> _ACTIVITY_: Your task is to restate the listing word for word without the pictures.

> _STORED DATA_:
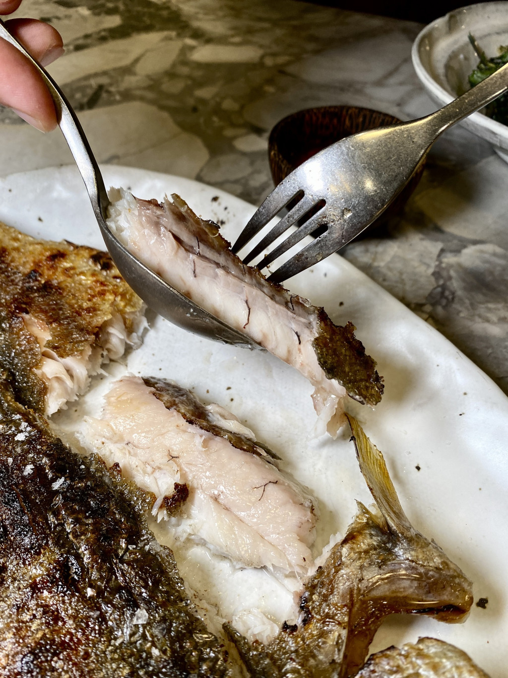 明火直烧,令鱼皮特别脆,引让鱼油渗出。
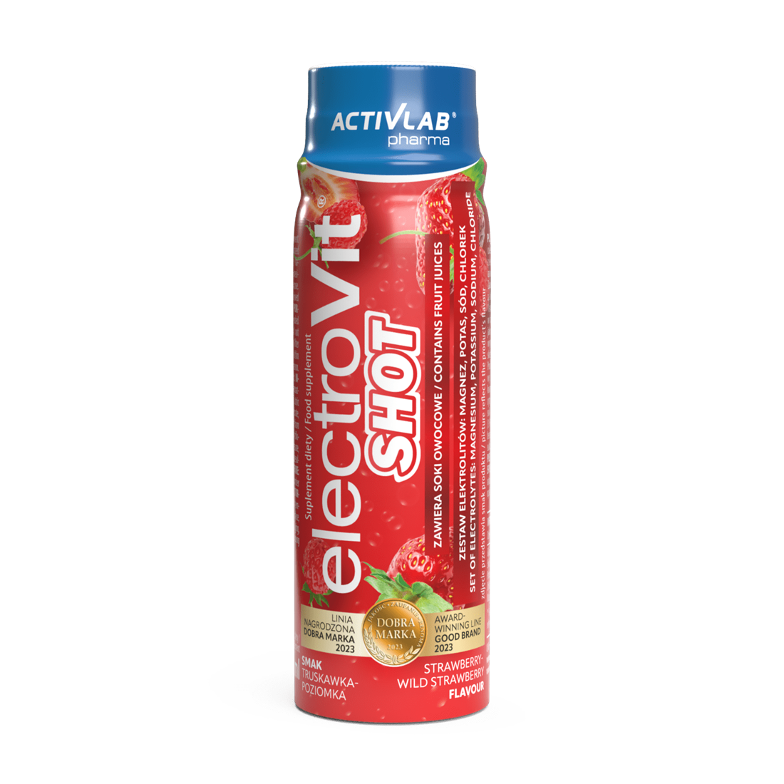 Non-carbonated beverage – shot with electrolytes, strawberry and strawberry-flavoured, containing: magnesium, potassium, sodium, chloride and glucose.
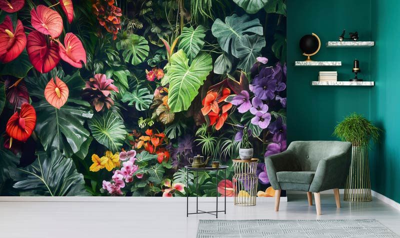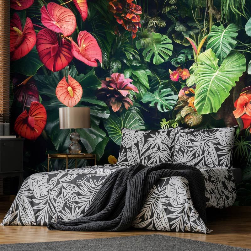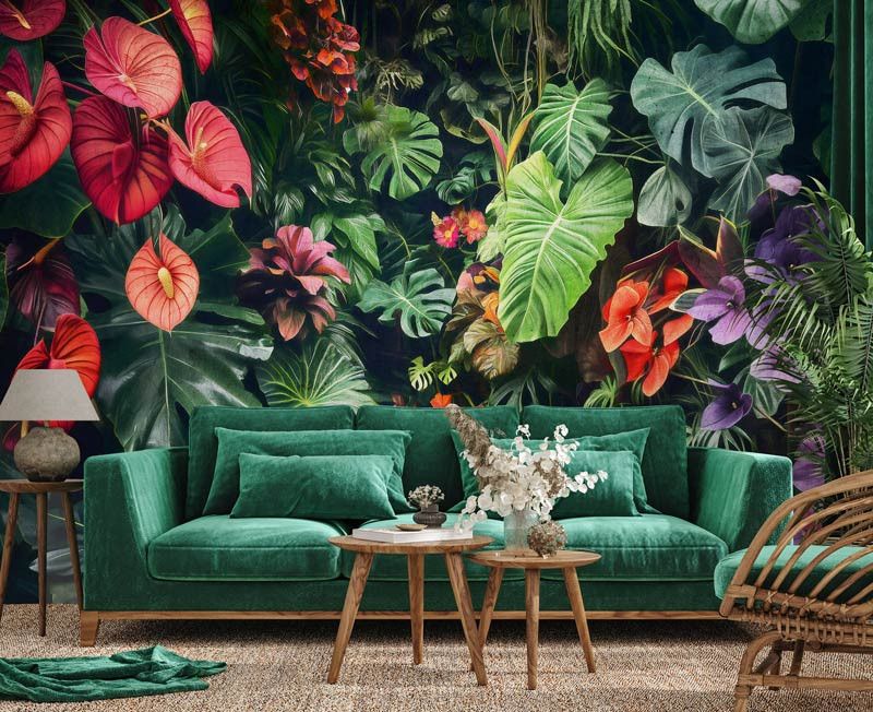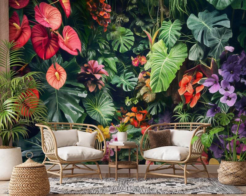 Breng een tropisch paradijs in huis met ons Fotobehang Exotische Jungle Bladeren. Dit prachtige ontwerp toont een weelderige mix van jungleplanten, kleurrijke bloemen en bladeren, die samen een levendig en fris geheel vormen. Het rijke kleurenpalet en de gedetailleerde weergave van de tropische natuur maken dit behang een perfecte keuze voor liefhebbers van exotische interieurs.
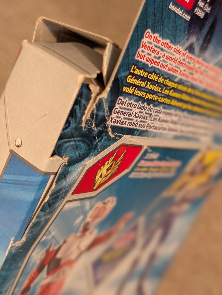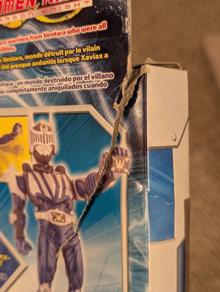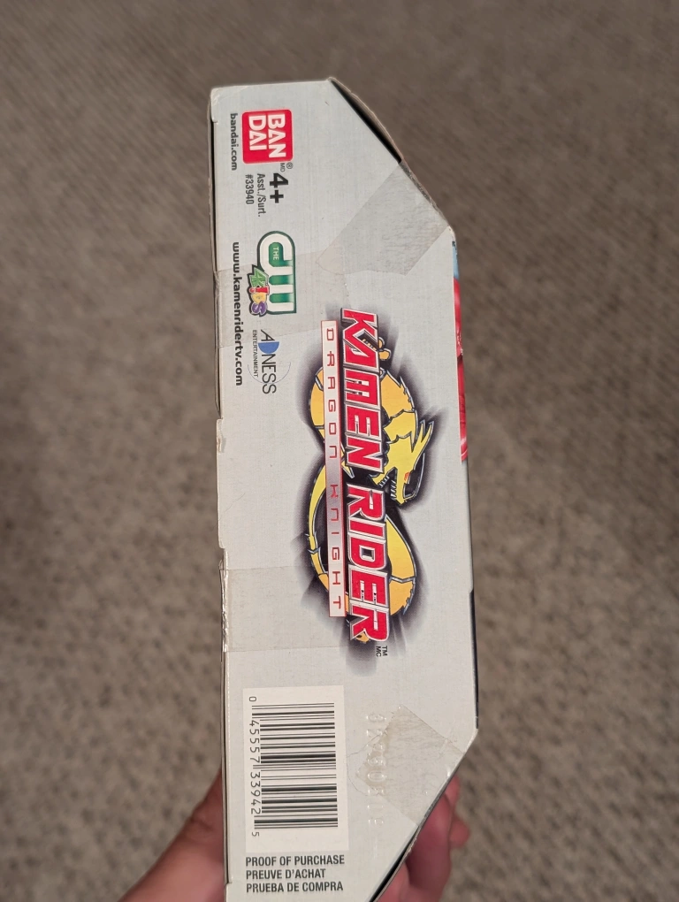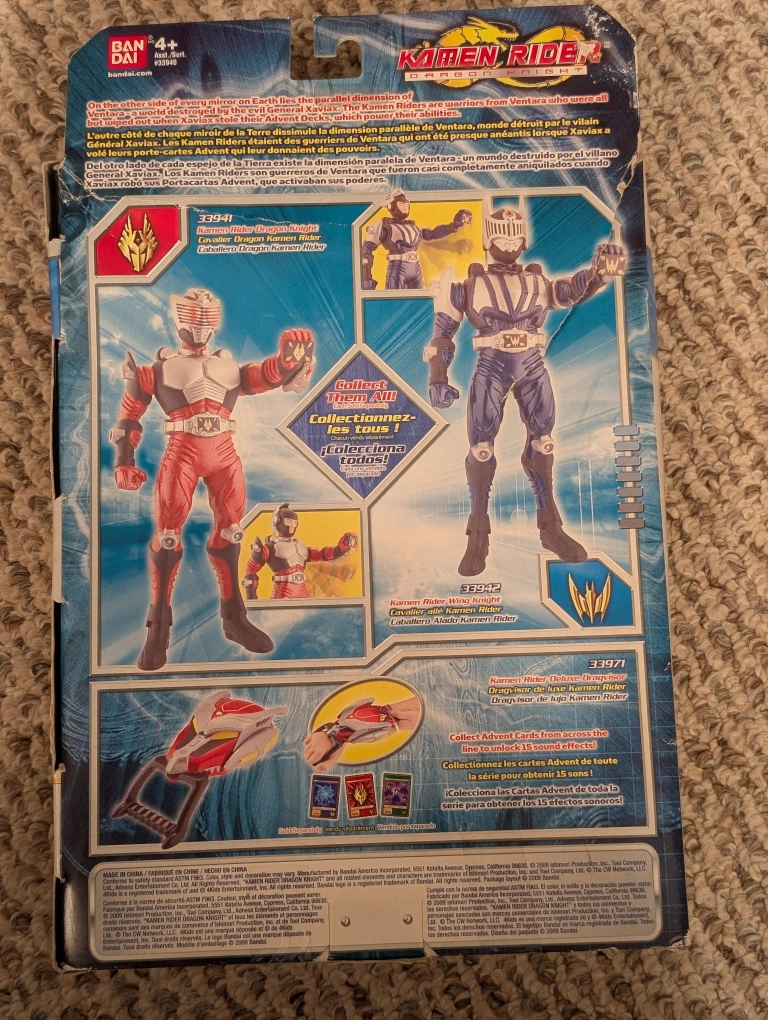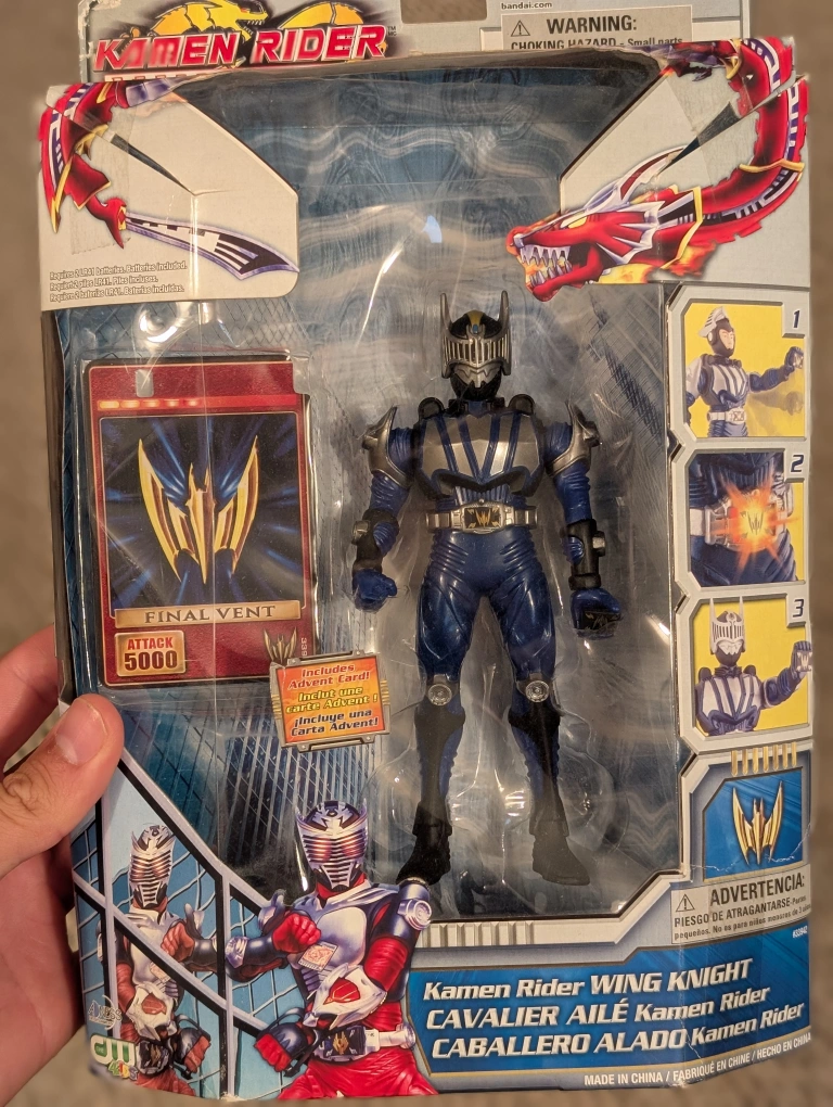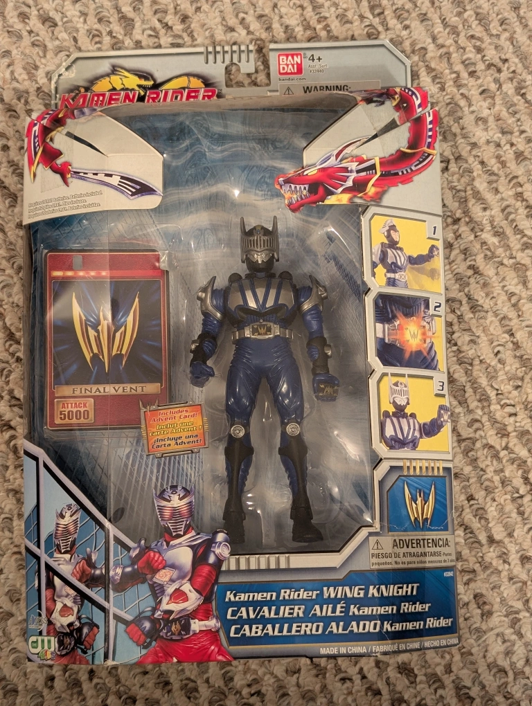 Selling a Kamen Rider Wing Knight action figure! The box has some wear and tear, but the figure inside is in great condition. It's a cool collectible for any fan of the series

> _EXERCISE RESULT_:
 明火直烧,令鱼皮特别脆,引让鱼油渗出。
 Non-carbonated beverage – shot with electrolytes, strawberry and strawberry-flavoured, containing: magnesium, potassium, sodium, chloride and glucose.
 Breng een tropisch paradijs in huis met ons Fotobehang Exotische Jungle Bladeren. Dit prachtige ontwerp toont een weelderige mix van jungleplanten, kleurrijke bloemen en bladeren, die samen een levendig en fris geheel vormen. Het rijke kleurenpalet en de gedetailleerde weergave van de tropische natuur maken dit behang een perfecte keuze voor liefhebbers van exotische interieurs.
 Selling a Kamen Rider Wing Knight action figure! The box has some wear and tear, but the figure inside is in great condition. It's a cool collectible for any fan of the series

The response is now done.